Bangalore, India – Setting a new standard for data acquisition, Spectrum Instrumentation has added a new streaming mode to its flagship M5i.33xx digitizer series. The mode allows these ultrafast ADC cards to continuously acquire, stream and analyse data at a maximum sampling rate of 10 GS/s. The new capability enables the digitizers to be used with COTS (Commercial Of The Shelf) PC technology, such as GPUs for endless signal processing, and SSD arrays to create streaming systems that can record for hours on end.
The M5i.33xx digitizer family consists of seven different models, offering sampling speeds from 3.2 to 10 GS/s, 12-bit vertical resolution and bandwidths from 1 to 4.7 GHz. The different product variants all feature a 16-lane Gen3 PCIe bus, that is capable of transferring data at rates up to 12.8 GB/s. This market-leading transfer speed allows data, acquired on one channel at a sampling rate of 6.4 GS/s, or two channels at 3.2 GS/s, to be streamed directly to the PC environment without any loss of information. If faster sampling rates are needed, a special 8-bit transfer mode has been added that supports the streaming of data acquired at rates up to 10 GS/s on one channel, or 5 GS/s on two.
Send data to a GPU for continuous signal processing
For situations that involve streaming and intensive signal processing, the M5i.33xx series digitizers use SCAPP (Spectrum CUDA Access for Parallel Processing).

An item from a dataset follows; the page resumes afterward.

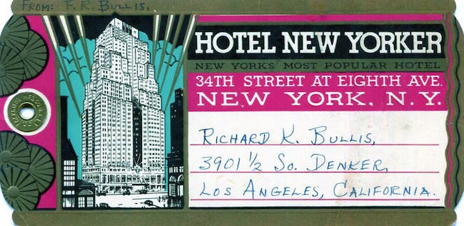 USA New York NYC Luggage Tag Hotel New Yorker 1934

The SCAPP software package transfers the acquired data, using an RDMA process, directly from the digitizers to off-the-shelf GPUs based on Nvidia’s CUDA Standard. Once there, users can utilize the GPUs multiple (up to 10,000) processing cores and large (up to 48 GB) memory for on-the-fly parallel processing.
SCAPP includes a set of routines for interaction between the digitizer and GPU cards, as well as a set of CUDA parallel processing examples. These examples provide easy building blocks for powerful processing functions like Digital Down Conversion (DDC), filtering, signal averaging, data de-multiplexing, data conversion or Fast Fourier Transforms (FFTs). All the SCAPP software is based on C/C++ and Python, making implementation and customization easy with just normal programming skills.

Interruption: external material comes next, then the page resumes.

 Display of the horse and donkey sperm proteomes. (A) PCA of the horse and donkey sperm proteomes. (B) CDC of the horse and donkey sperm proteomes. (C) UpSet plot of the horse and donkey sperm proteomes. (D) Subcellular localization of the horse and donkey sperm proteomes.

For example, in applications that require continuous spectral analysis, time domain data can be collected at 10 GS/s and streamed directly to a GPU for non-stop conversion to the frequency domain. Using a system that includes an M5i.33xx series digitizer (switched to the new 8-bit-mode), SCAPP and a moderately priced GPU, a conversion process that involves multiplexing, windowing, FFT and averaging with an FFT block size of 1M – could run endlessly! At the 10 GS/s sampling rate, such an FFT will cover a frequency range from DC to 5 GHz and deliver a frequency resolution of 10 kHz. Larger FFT block sizes can also be used to produce even better resolutions.
Stream data to RAID storage for post-acquisition analysis
The company also offers streaming and data storage systems based on a Supermicro server, with an AMD EPYC processor, and RAID storage using U.2 SSDs. With up to 240 TB of storage, these COTS systems can record an
incredible 6+ hours of data at the maximum 10 GS/s sampling rate. The acquired data is completely seamless,
with no gaps or missing information. Once stored, it can be inspected, partitioned and processed. The systems provide a unique data logging capability at unprecedented speeds and over ultrawide frequency ranges.

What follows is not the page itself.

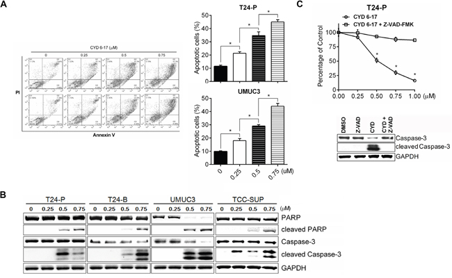 Figure 2: Induction of apoptosis by CYD 6-17 in TCC cell lines. A. The cell death of T24-P and UMUC3 cells were determined 18 h after treatment using PI/Annexin V assay (Left panel) and the degree of cell apoptosis as depicted (Right panel). B. Western blot analyses of the expression of apoptotic markers (cleaved PAPR, cleaved Caspase-3) in TCC cell lines after treatment. C. Effect of Caspase inhibitor on apoptosis induced by CYD 6-17. T24-P cells were pretreated with pan-Caspase inhibitor Z-VAD-FMK (50 µM) for 2 h, followed by DMSO or CYD 6-17 (0.5 μM) treatment for 24 h. Data represented mean ± SD (n = 3). *, p< 0.05.

PC-systems with COTS parts
Oliver Rovini, CTO at Spectrum, said: “We’re always looking for ways to provide cost-effective solutions to challenging signal acquisition and analysis applications. By allowing our digitizers to interface directly with standard PC components, like GPUs and RAID based SSD storage systems, our customers can benefit directly from the latest developments in the PC world. GPUs offer a great solution for processing intensive situations, like those often found in imaging, communications, astronomy, spectroscopy and aerospace applications while storage systems provide a unique tool for anyone needing to monitor signals over extended time periods, such as for those users involved in quality control, mapping or surveillance.”